ReMinisCinG oN 2oo7

it’s one of those moments when i should be doing other things than writing… but whenever i am supposed to be concentrating on studies, other trivial things fill my mind instead. right now, memories and what i experienced this past year shoot through my head. just by looking at the pictures the many happy times become visible again… yet those photographs failed to capture the times of loneliness and despair. 2007 was indeed filled with many alternating ups and downs through which i have extracted my lessons and learned more about myself, including many things i already knew as a passive observer but once i got involved myself i somehow changed my attitude.

success definitely sided with my professional advancement last year…. at work i was entrusted with more responsibility and acknowledged for all my efforts. it was fun yet also exhausting going on business trips. then in the summer i received the much awaited acceptance into a renowned school in London for my master studies. it was not an easy choice to make whether to accept the offer and quit work, or postpone the plans of studying to keep working. in the end, i chose to become a full-time student again… i do not regret it although it was and sometimes still is quite an adjustment after having worked for so long.

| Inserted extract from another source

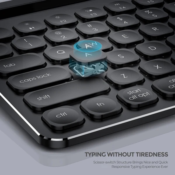 2.4G無線和雙藍牙模式為您的連接提供更多選擇。只需一鍵, 即可輕鬆實現3種不同類型設備之間的平滑切換,滿足您同時使用多台設備的需求。 不論是切换手機,PC,Mac機裝置,只需按一鍵就可以,非常簡單方便 可充電無線鍵盤內置 200 mA 高效鋰電池,可保持 2 個月的電量充足。 沒電時,指示燈會快速閃爍提醒您,只需2小時即可充滿電。 水滴鍵帽完美貼合您的手指,帶來打字的舒適感。 纖薄無線鍵盤採用剪刀式開關結構,使觸覺回應更快,打字更安靜,有效提高工作效率。此外,水滴鍵帽完美貼合您的手指, 帶來打字的舒適感。 時尚而堅固的金屬面板可以穩定放置,因此您可以隨心所欲地在上面打字,而不必擔心晃動。此外,集成支架為您提供更完 美的無線體驗,讓您同時握住智慧手機和平板電腦。 ViCTSING無線+藍牙鍵盤 型號PC303A • 藍牙/2.4G • 瞬間可切換3裝置 • 支援Window,Mac,iOS & Android • 200mAh電池可,待用2個月 • 鋁合盒外壳,堅固又輕盈 • 槽位可用於15”平板電腦 • 鉸剪脚结構軸,,輕鬆回弹 • 水滴式的鍵帽,打字更舒適 2.4G wireless and dual Bluetooth mode provide more choices for your connection. Just one click, You can easily achieve smooth switching between 3 different types of devices to meet your needs for using multiple devices at the same time. Whether you are switching between mobile phone, PC, and Mac devices, you only need to press one button. It is very simple and convenient. The rechargeable wireless keyboard has a built-in 200 mA high-efficiency lithium battery that can maintain a full charge for 2 months. When the battery is out of power, the indicator light will flash quickly to remind you, and it only takes 2 hours to fully charge. The water drop keycaps fit your fingers perfectly for typing comfort. The slim wireless keyboard adopts a scissor switch structure, which enables faster tactile response and quieter typing, effectively improving work efficiency. In addition, the water drop keycaps fit your fingers perfectly, Brings typing comfort. The stylish yet sturdy metal panel is stable so you can type on it to your heart's content without worrying about wobbling. In addition, the integrated stand gives you a more complete Midea's wireless experience allows you to hold your smartphone and tablet at the same time. ViCTSING Wireless + Bluetooth Keyboard Model PC303A • Bluetooth/2.4G • Switch between 3 devices instantly • Supports Window,Mac,iOS & Android • 200mAh battery, can be used for 2 months • Aluminum box casing, strong and light • Slot available for 15” tablet • Structural shaft of scissor feet, easy to rebound • Water drop type keycaps make typing more comfortable

the ups and downs have been more of a personal encounter: family-wise and in relationship matters. i experienced how love ones cared so much that it already hurt, how disappointment became a sure companion of trusting, but also how to love beyond imperfections and how to rise again after every fall. there are no guarantees in life. we have to take it and deal with it as it comes… i think this quote best describes how we should go through life:

"Life is a one-way street.
No matter how many detours you take,
none of them leads back.
So enjoy life every moment as none of them
will happen the same way again."

Thus, the ups and downs belong to our life. it cannot be all good or bad. i am grateful for all the happy moments, especially those i can share with others. and i derive my lessons from all the bad and sorrowful experiences. after all, i feel blessed to have friends who have been there for me to make each day brighter, and bear with me even when i am in a solitary mood. all in all, i am grateful for every single day in 2007, yet look forward to what awaits this year.